We also identified proteins to be associated with CIMT. NCK1 was the unique significant protein positively associated with CIMT in the fully-adjusted model. NCK1 is reported to be involved in different pathways leading to the progression of atherosclerosis (45). For instance, it is associated with vascular permeability, which allows the uptake of low-density lipoproteins (LDL) and thereby stimulates inflammation (45, 46). The resulting oxidative stress increase in endothelial cells decreases nitric oxide and thereby supports endothelial cell dysfunction (47). Alfaidi et al. showed in an in-vivo study that NCK1-knockdown reduced NF-κB signaling and thereby inflammation in endothelial cells (45). Additionally, pathway analysis revealed interleukin-9 to indirectly inhibit expression of NCK1, SPTAN1, and CFL1, while the opposite effect was predicted for CMA1. Interleukin-9 has been reported to decrease expression of human NCK1 in MDA-MB-231 human breast cells, and to differentially regulate actin cytoskeleton-related proteins such as NCK1 (48). Interestingly, both SPTAN1 and CFL1 are filamentous cytoskeletal and actin-related proteins, while CMA1 could participate in extracellular matrix degradation (49). We were unable to validate the NCK1 findings using ELISA-measurements due to the lack of CIMT measurements in the validation sample.
We were able to confirm three additional proteins associated with CIMT using our age-sex adjusted model namely GFRA1, IGFBP2 and GHR, which have been all reported to be linked to CVD, mortality, and atherosclerosis (50, 51). IGFBP2 was the unique obtained negative association. The same direction effect has been reported as a strong association with type 2 diabetes in a comparison study of incident type 2 diabetes and coronary heart disease in the KORA cohort (52).

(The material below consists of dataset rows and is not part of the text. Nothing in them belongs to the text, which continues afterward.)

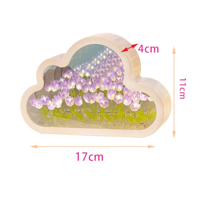 Noční lampa s tulipány a zrcadlovým efektem přináší nejen příjemné světlo, ale i krásnou dekorativní atmosféru do každé ložnice. Už žádné hledání zásuvky nebo příliš silné světlo – tato led lampička je na baterie a jemně rozjasní váš prostor bez rušení spánku. Ideální pro děti i dospělé. **Vyřeší problém s noční tmou, přidá kouzelný vzhled pokoji a navodí klidnou náladu.**
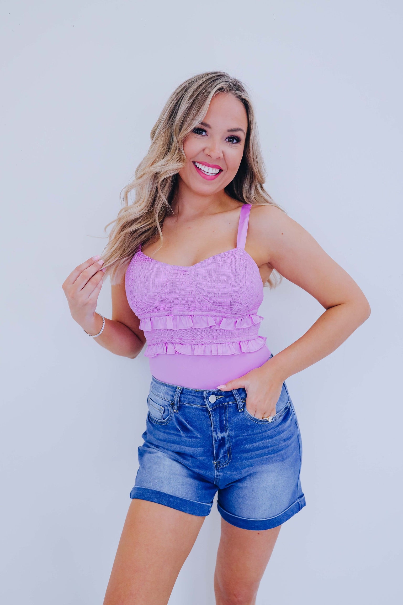 Sana Smocked Ruffle Trim Bodysuit - Lavender
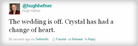 이 같은 소식이 언론을 통해 공개되자 헤프너는 자신의 마이크로 블로그 트위터에 “결혼식이 취소됐다. 해리스가 마음을 바꿨다”는 글을 게재, 보도가 사실임을 암시했다.
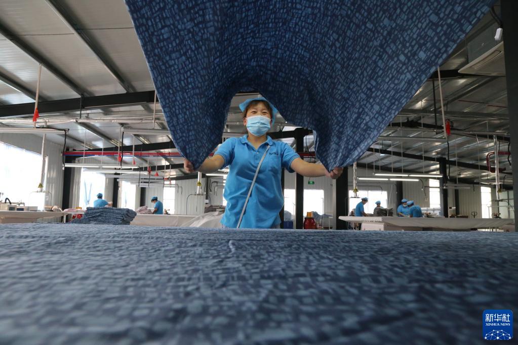 8月21日,濱州市惠民縣一家紡公司工人在整理出廠的床上用品。
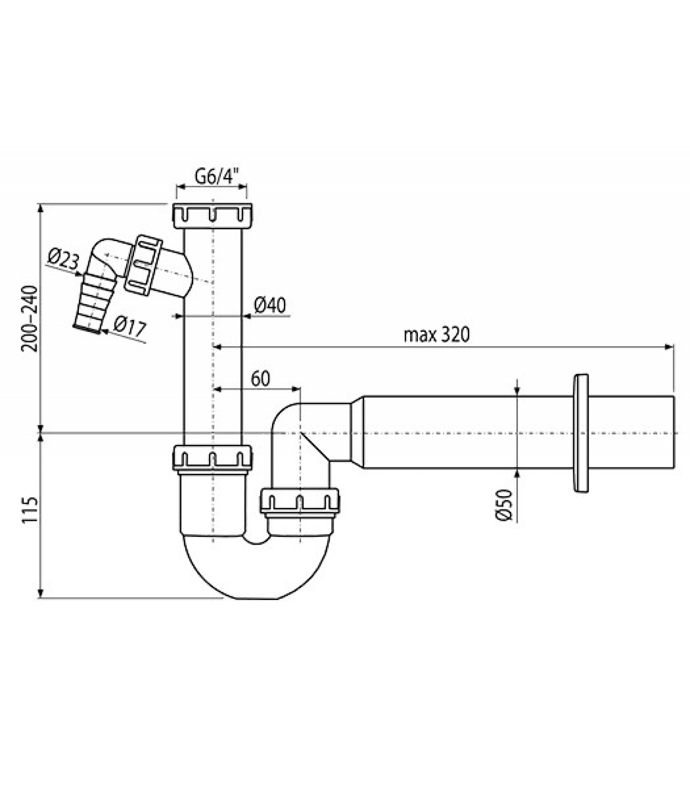 Alcaplast Сифон трубчатый с накидной гайкой 6/4" с подводкой

In this study, we identified proteins specifically associated with either CHD or CIMT. Previous reports on KORA F4 have already stated a non-linear relation between CIMT and CHD risk (53). Thus, this complex relationship amongst the two phenotypes could help to explain the specificity of our findings.

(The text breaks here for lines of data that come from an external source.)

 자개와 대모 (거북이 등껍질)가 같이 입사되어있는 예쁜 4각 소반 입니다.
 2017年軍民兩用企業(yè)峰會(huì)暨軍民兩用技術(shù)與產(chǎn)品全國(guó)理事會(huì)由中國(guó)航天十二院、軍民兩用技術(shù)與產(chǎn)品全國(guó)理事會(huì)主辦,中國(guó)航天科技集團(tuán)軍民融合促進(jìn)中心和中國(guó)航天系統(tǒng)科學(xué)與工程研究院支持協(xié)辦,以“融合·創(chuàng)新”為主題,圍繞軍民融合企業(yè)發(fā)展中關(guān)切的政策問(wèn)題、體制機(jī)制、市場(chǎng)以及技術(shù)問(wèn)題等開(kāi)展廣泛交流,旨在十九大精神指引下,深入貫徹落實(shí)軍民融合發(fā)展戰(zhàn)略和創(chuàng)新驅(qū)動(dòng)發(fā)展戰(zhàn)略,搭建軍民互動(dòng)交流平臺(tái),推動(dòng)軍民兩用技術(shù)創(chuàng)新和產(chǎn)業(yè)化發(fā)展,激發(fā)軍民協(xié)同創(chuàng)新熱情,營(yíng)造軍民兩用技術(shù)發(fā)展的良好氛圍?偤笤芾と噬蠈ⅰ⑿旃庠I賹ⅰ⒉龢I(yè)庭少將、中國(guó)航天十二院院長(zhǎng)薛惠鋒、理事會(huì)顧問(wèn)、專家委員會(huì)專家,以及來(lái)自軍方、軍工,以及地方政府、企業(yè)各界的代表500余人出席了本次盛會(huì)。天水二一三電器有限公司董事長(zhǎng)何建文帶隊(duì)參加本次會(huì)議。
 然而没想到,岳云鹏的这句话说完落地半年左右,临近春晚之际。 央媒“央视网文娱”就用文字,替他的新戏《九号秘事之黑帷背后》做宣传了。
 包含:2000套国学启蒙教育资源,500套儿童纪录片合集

A major strength of our study is the proteome-wide approach, which covers proteins at low abundance levels in plasma. By conducting a hypothesis-free analysis, we were able to analyze the association of a wide array of plasma proteins with CHD and CIMT. An additional strength is the availability of an independent sample, which we could use to validate initial results with an alternative measurement technique that provides absolute concentrations. Our study also has limitations. The lack of patient differentiation by CHD severity could, for instance, be attenuating some associations. Manifestations of early-stage CHD differ from the late-stage CHD. In the latter, protein levels change due to myocardial injury and physiological compensation. Additionally, the difference in plaque vulnerability and extent of atherosclerosis between stable and unstable CHD (54), may also impact the plasma proteome. Finally, due to the cross-sectional nature of our study, temporal relations cannot be inferred.
In summary, our proteome-wide study identified a new association of galectin-4 with CHD. Galectin-4 may be involved in atherosclerosis by enhancing lipid raft stabilization, which subsequently affects redox signaling pathways. Moreover, we report the association of NCK1 with CIMT.